Alex has a story to tell. He just doesn’t know what kind it is yet.

He has a lot of the same concerns most of us do growing up – exams, puberty, and a punctuation obsession plus a little quantum mechanics – but lately, ever since his brain surgery, everyone in his life is behaving more than a little mysteriously. Maybe it’s adjusting to life after epilepsy or maybe it’s the pressure of his impending scholarship application, but Alex is starting to see the world through different eyes. He’s certain there’s something rotten at the heart of his parents’ marriage, and when his beloved hamster, Jaws 2, starts acting up as well, he decides it’s time to investigate.

Ostrich is the debut novel from Aldenham-born author and playwright Matt Greene, and the idea came to him when he was awaiting surgery himself.

“About four years ago I was going in for some minor knee reconstruction,“ says Alex, 28.

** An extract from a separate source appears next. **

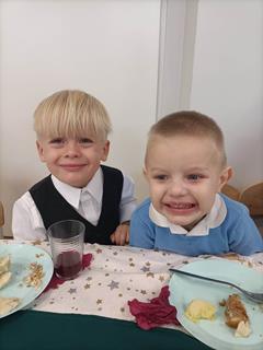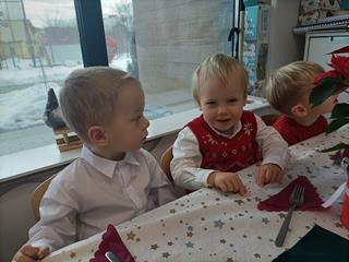 Wczoraj w naszym przedszkolu zebraliśmy się wszyscy razem aby wspólnie zjeść obiad wigilijny

“I’d never been under any kind of anaesthetic before and it was something that I found quite affecting, to be honest. I hadn’t experienced that sense of total vulnerability before, or that sense of lost time between the moment you go under and the moment you wake up again, where anything could have happened to you and you’d be none the wiser. It’s hard not to wonder about it a bit.

“That idea grew in to Ostrich. I loved the idea of a narrator of a book being the one person who knows the least about what’s happened to them, and I liked the idea of the reader being a few steps ahead of the narrator.“

The voice of 12-year-old Alex just ‘popped up’ when Matt sat down to start writing the book, a couple of years after his surgery.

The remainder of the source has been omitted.